兩個時辰的時間,裴之衍在此想了無數種可能,唯獨沒想到毒是俞佑庭下的。
“珞瑩毒殺他的事,是不是真的?”
與白天在公堂時不同,此刻的俞佑庭身上穿著一件普通的藏青色長袍,雖不如那身官袍華麗張揚,卻更能顯出他與眾不同的清冷氣質。
俞佑庭落座,順手摘下戴在頭頂的氈帽,帽頂正中綴著一顆圓潤的白玉紐扣,溫潤光澤在燭光下閃爍不定,“是真的。”
“他知道?”
“知道。”
裴之衍氣極,“他既知道,必定對秦容恨之入骨,你又何必多此一舉給他下毒!今日公堂若非蒼河探出他身中劇毒,人證物證俱在,秦容指使李如山毒殺程嬪成既定事實,還有什么好說!”
相比裴之衍滿身怒意,俞佑庭顯得沉穩太多。
他看向眼前幾十年的舊友,目光里少了幾分往日光彩,暗淡的像是烏篷船上的懸燈,忽明忽滅,“毒是李如山下的,可不是秦容指使的。”
聽到這里,裴之衍沒有被眼罩罩住的右眼猛的一瞠,“你說什么?”
“我說,是李如山下毒害死程柯,但他并沒有受秦容指使,只是妄自揣度秦容的意思,自作主張。”
裴之衍需要冷靜。
半晌,“當初是你口口聲聲說,程柯是秦容害死的,現在……”
“我也沒想到,在秦容眼里阿柯連一盤開胃菜都算不上。
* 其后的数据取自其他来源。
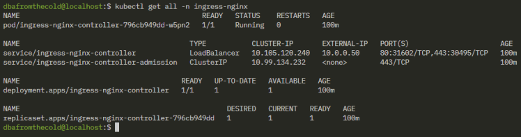 This cluster only has the one pod in the default namespace (the nginx pod) so the results will be: –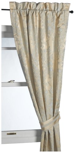 - Window drapery set including 2 lined panels and 2 tiebacks- Rayon-and-polyester-blend face; dry clean only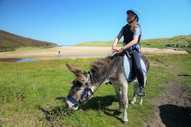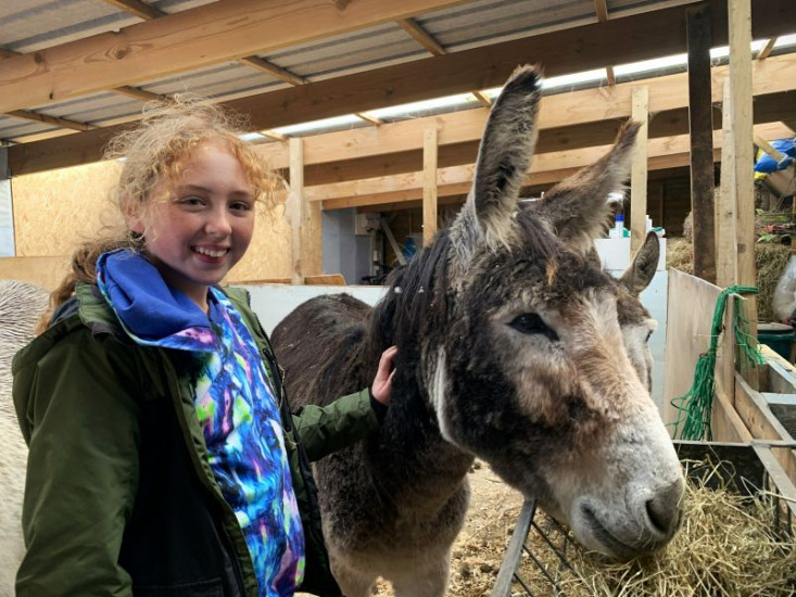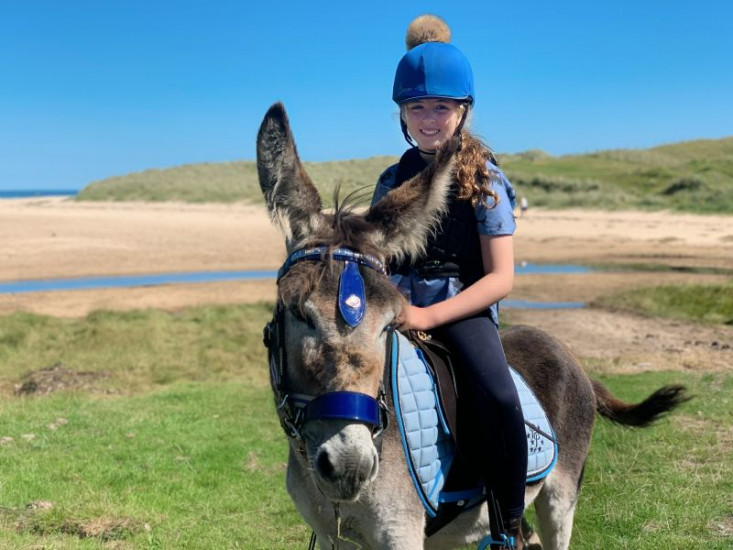 Mia ist stolz darauf, dass sie ihren Esel Jimmy an Zaumzeug und Sattel gewöhnen konnte und dass er sie nun aufsitzen lässt.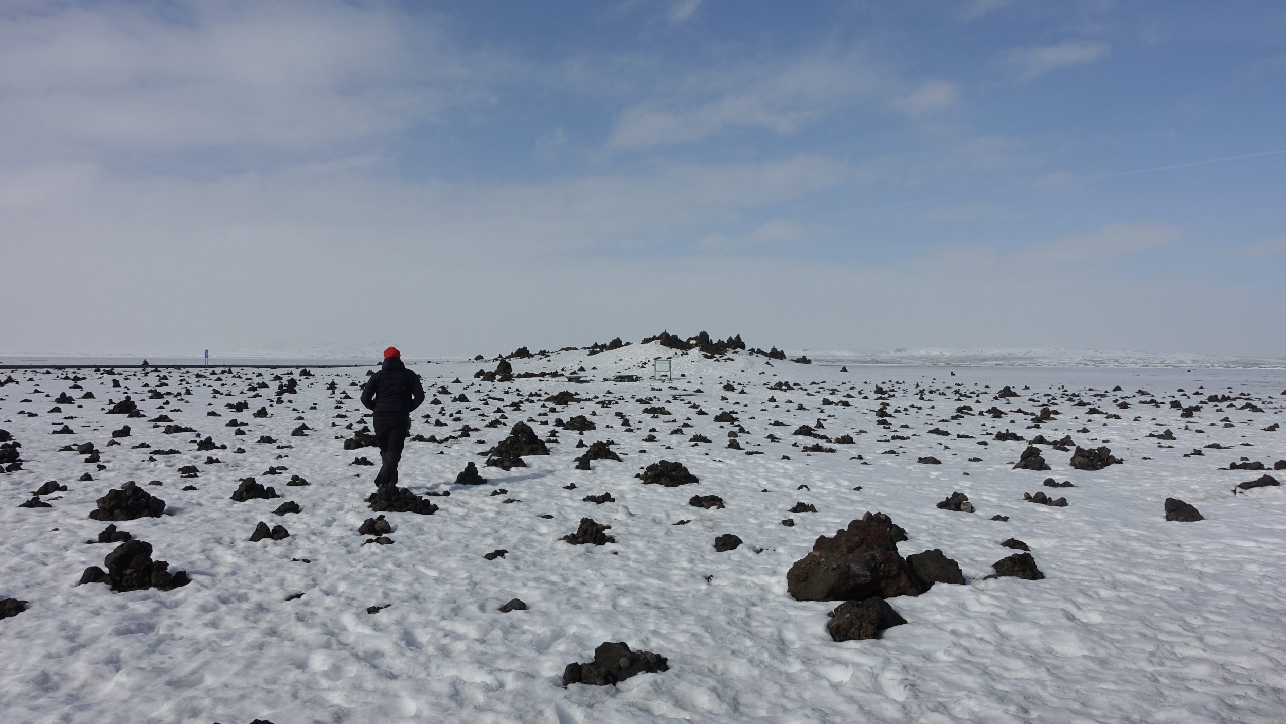 Llegamos a Laufskálavarða, un montículo de lava. Hay un aparcamiento a un lado de la carretera y podemos ver montones de piedras amontonadas. Al parecer, tienen que estar amontonados así, cuando vamos allí por primera vez, para que el viaje vaya bien. Muchos turistas aprovechan este paisaje de ensueño para tomar un tentempié (hay incluso 2 mesas de picnic en medio de la nieve)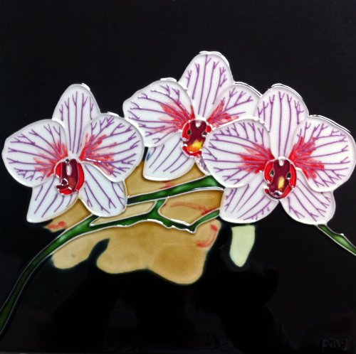 Continental Art Center BD-2082 8 by 8-Inch Three Lavender Striped White Orchid on a Stem with Black Background Ceramic Art Tile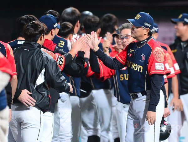 15일 경기도 수원 kt위즈파크에서 열린 ‘2017 타이어뱅크 KBO리그’ kt위즈와 LG트윈스의 경기에서 장성우의 끝내기 안타를 앞세운 kt가 5-4로 승리하며 이틀 연속 LG를 상대로 승리했다. 경기 후 kt 김진욱이 선수들과 하이파이브를 하고 있다. 수원 | 김진환 기자 kwangshin00@donga.com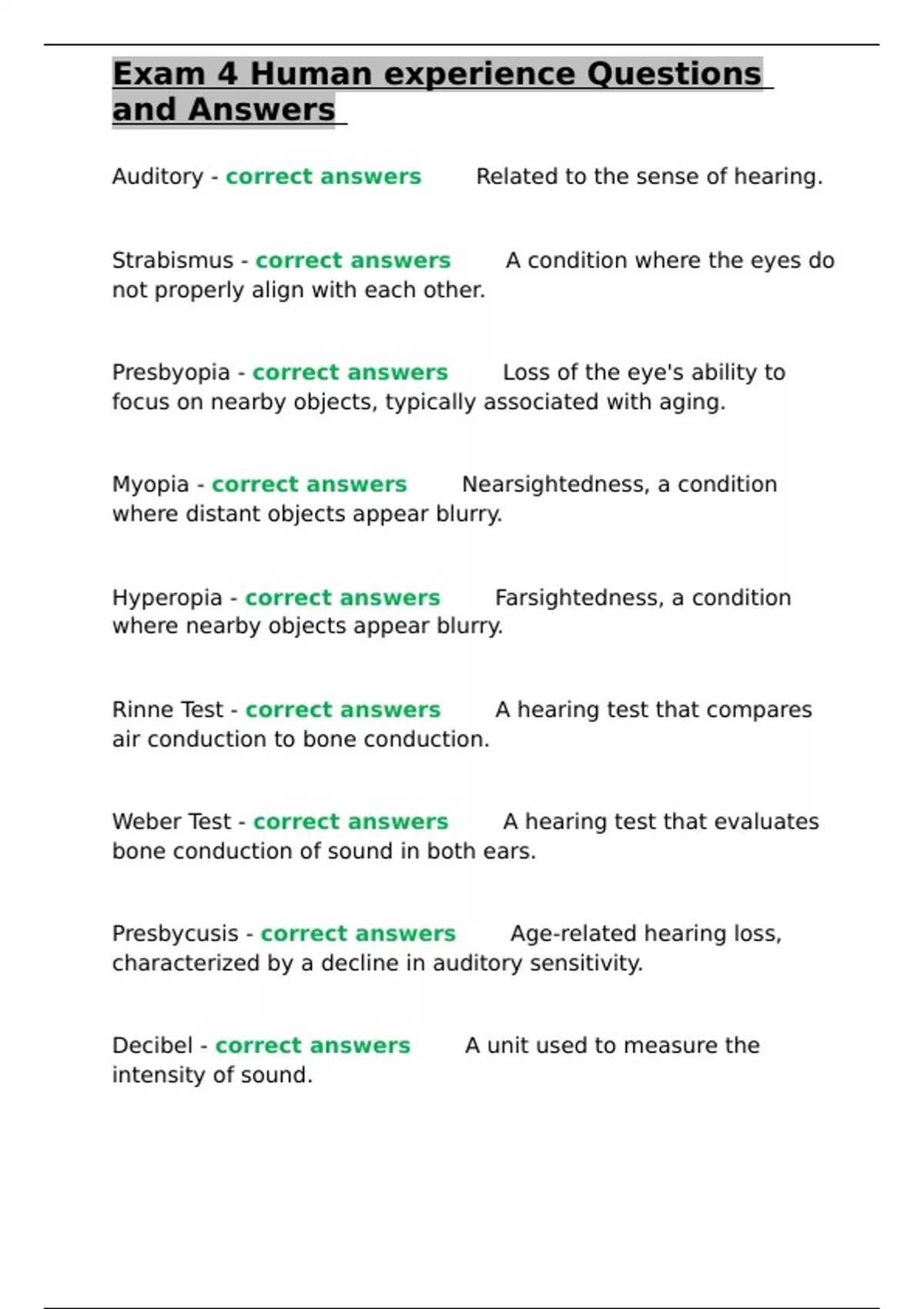 Auditory - correct answers✅✅Related to the sense of hearing.

”俞佑庭唇角勾起苦澀,“你能想象,那是何等的悲哀?”
裴之衍強自冷靜,“程嬪與別的妃嬪不同……”
“就因為她出身宮女,沒有娘家背景就活該被人忽視?”
裴之衍聽出俞佑庭語氣中的悲憤,嘆了口氣,“你在不公什么?皇宮里被人重視是什么好事?你經歷的多,當知沒有存在感才能存活下去的道理……”
“她活了嗎?”俞佑庭眼眶微紅,卻干澀的沒有一滴眼淚,“含元殿幾乎就是冷宮,存在感還不夠低?如此李如山都沒放過她!”
裴之衍知俞佑庭對程柯用情至深,不再辯駁,“你何時知道不是皇后所為?”
“在李如山被我從珞瑩手里救下來之后。”
俞佑庭不是易怒的人,他再憤怒,也不會顯得暴跳如雷,“我問過他,他親口承認毒殺阿柯,亦說出當時也只是意會秦容的意思,并沒有得到明確的指示。”
“皇后怎么說的?”
“他殺死小桂子之后在屋里找出一本賬簿,方知姜梓暗中接濟含元殿,于是入延春宮想要告密,哪知話只說了前半句秦容便十分不耐煩,說一個不受寵的嬪妾也需要她費神!”
“就這一句話?”
俞佑庭點頭,“李如山理解成,殺。”
“李如山該死!”
裴之衍沉下一口氣,“你既知程嬪之死不是皇后所為,為什么還要促成這樁案子?早將真相告知晉王,解了他的心結,也免得他再有執念。”
“可我覺得,是秦容所為。”俞佑庭的目光,漸漸冰冷。
裴之衍,“你剛剛才說不是她。”
“如果不是秦容在后宮只手遮天,手段殘忍,李如山怎么會有那樣的意會?”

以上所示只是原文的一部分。